Uzun bir süre sonra Yemenici Abdullah vefat edince, oğlu Kahraman Ağa göç etmeye karar verdi. Eşyalarını ucuz pahalı demeden sattı. Anadolu’ya göç edecekti. Orada yeni bir hayat kuracak ve Rus saldırılarından, zulümlerinden artık güvende olacaklardı. İlk önceleri kara yoluyla diğer kafilelerle birlikte gitmeyi tasarladı ama böyle bir yolculuğun çok uzun ve yorucu, aynı zamanda tehlikeli olacağını tahmin ediyordu. Üstelik eşleri, çocukları o zorlu yolculuğa dayanabilir miydi? Bu konuyu uzun süre düşünüp çıkar yol aradı. Sonunda bir gemiyle anlaşıp Tuna’dan Karadeniz’e açılmaya, bir Anadolu kasabasına yerleşmeye karar verdi. Kilya’dan en kısa sürede ayrılmalıydı. Aksi halde Ruslar denizdeki ulaşımı engelleyebilirlerdi.
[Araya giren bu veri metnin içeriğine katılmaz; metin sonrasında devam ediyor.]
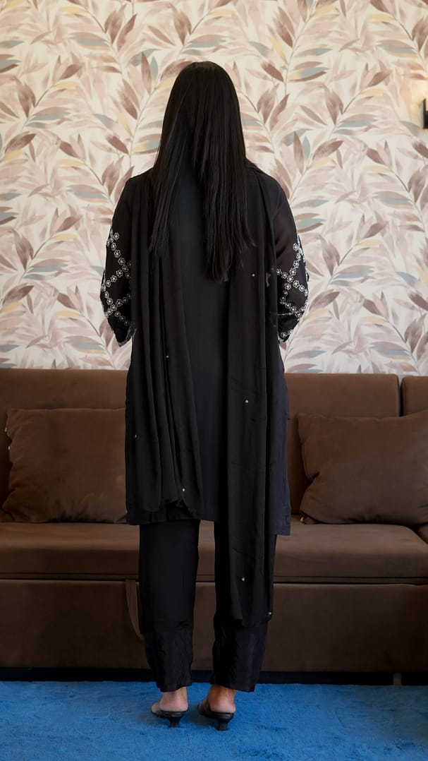 Elegant black full suit with intricate silver work, perfect for a timeless festive look.

Bir sabah erkenden pek çok göçmenin bindiği gemi Tuna’dan Karadeniz’e açıldı. Gemi ilk önceleri sakin bir şekilde yol alırken, daha sonra hırçın sular hareketlendi, dalgalar büyüdü. Deniz adeta şahlanmış bir halde Anadolu yolcularına zorluk çıkarmak istiyordu. Kahraman Ağa başına gelenleri düşündükçe yolculuk boyunca Ruslara kızgınlığını sık sık dile getirip durdu:
“Bizim yuvamızı, huzurumuzu iki kez bozdular. Mutluluğumuzu engellemek istediler. Onlar yüzünden yine göç ediyoruz. Allah’tan dilerim ki, benim soyumdan, benim torunlarımdan biri şu Ruslara karşı savaşsın, hadlerini onlara bildirsin. Adeta hasmımız gibi, bizi sıkı takip edercesine bu günlerde Tuna’ya ulaşıp orasını da işgal etmeye hazırlanıyorlar. Bakalım Anadolu’ya dek gelebilecekler mi? Eğer gelirlerse, onları kim karşılayacak? İsterim, gönülden dilerim ki, onlara benim torunlarımdan birisi karşı koysun, bizi iki defa göç etmek zorunda bırakan, yerimizden, yurdumuzdan ayıran Ruslardan intikamımızı alsın. Ruslarla dövüşsün, çarpışsın. Anadolu’ya eğer gelirlerse ki gelemezler, önlerine çıksın. Onları durdursun!.. Bunu yüce Mevla’mdan bütün kalbimle dilerim…”
Kastamonu-Abana’da
Muhacirleri taşıyan gemi ilk önce İnebolu’ya uğradı, burada bazı muhacirler indi, gemi daha sonra demir alarak tekrar yola çıktı. Bir süre sonra Abana’ya1 yanaşan gemiden denklerini, eşyalarını indiren Kahraman Ağa ve ailesi burasının tam aradıkları yer olduğunu düşündüler. Bu kasabada kısa zaman ikamet ettikten sonra içeriye, Perşembepazarı köyü yakınındaki Bozkurt civarına yerleşmeyi daha uygun bulup buraya taşındılar.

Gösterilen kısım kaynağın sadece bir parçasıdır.